Cubed has a lazy computation model. As array functions are invoked, a computation plan is built up, and it is only executed when explicitly triggered with a call to compute, or when implicitly triggered by converting an array to an in-memory (NumPy) or on-disk (Zarr) representation.

A Plan object is a directed acyclic graph (DAG), where the nodes are arrays and the edges express primitive operations. For example, one array may be rechunked to another using a rechunk operation. Or a pair of arrays may be added together using a blockwise operation.


The primitive operations, blockwise and rechunk both have memory requirements that are known ahead of time. Each operation runs a task to compute each chunk of the output. The memory needed for each task is a function of chunk size, dtype, and the nature of the operation, which can be computed while building the plan.

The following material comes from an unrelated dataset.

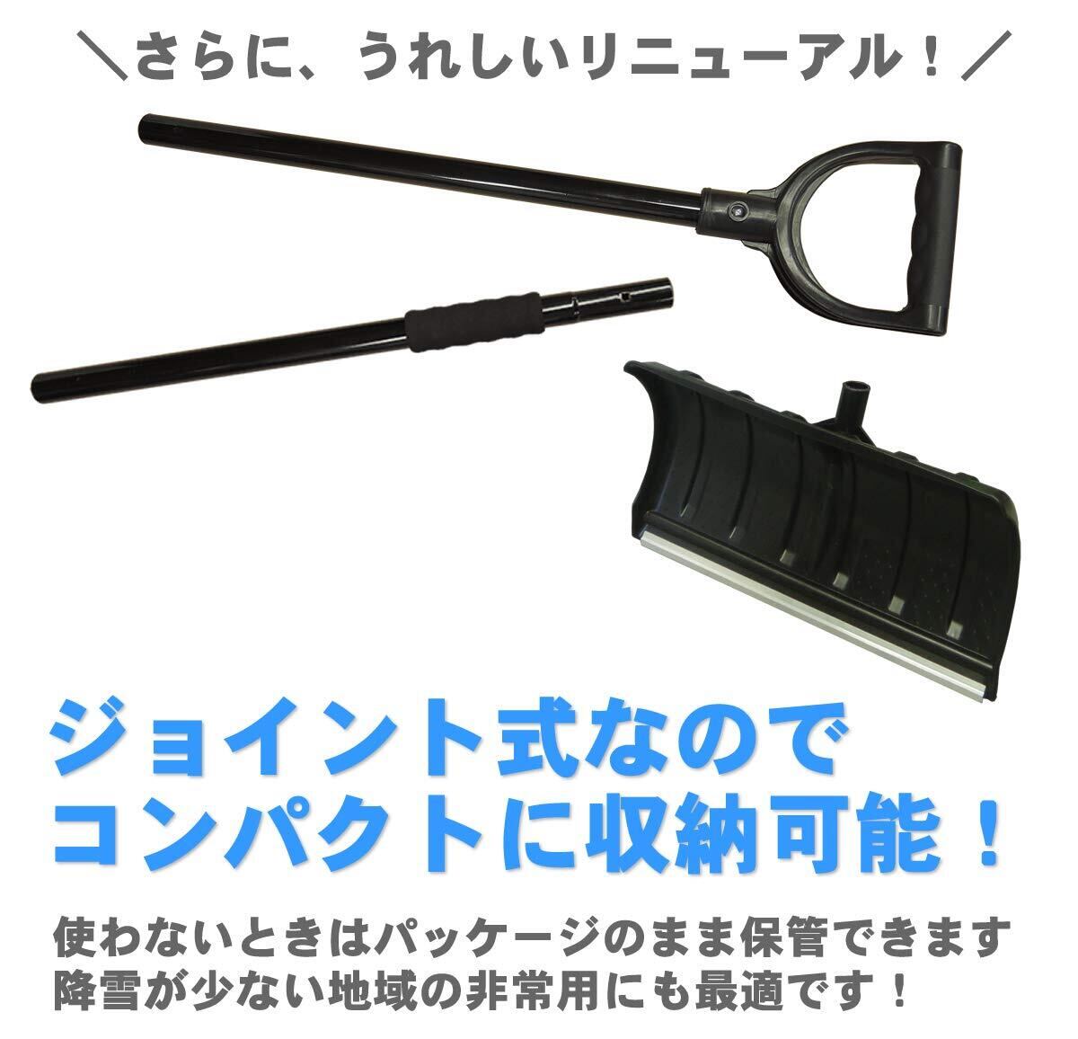 突然の雪に!軽量で扱いやすいスノープッシャーです。先端は金属製の強化ブレード付きで、柄はしっかりしたジョイント式のスチール製のパイプを採用。ネジ留めによるかんたん組み立て式で、不要な時期などコンパクトに分解することも可能。【改良しました】2021年12月入荷分より、柄のパイプをより厚手のものに変更・強化しました(0.5mm→0.8mm)

See Memory for discussion of memory settings.


A plan is executed by traversing the DAG and materializing arrays by writing them to Zarr storage. Details of how a plan is executed depends on the runtime. Distributed runtimes, for example, may choose to materialize arrays that don’t depend on one another in parallel for efficiency.

This processing model has advantages and disadvantages. One advantage is that since there is no shuffle involved, it is a straightforward model that can scale up with very high-levels of parallelism - for example in a serverless environment. This also makes it straightforward to make it run on multiple execution engines.

The main disadvantage of this model is that every intermediate array is written to storage, which can be slow. However, there are opportunities to optimize the DAG before running it (such as map fusion).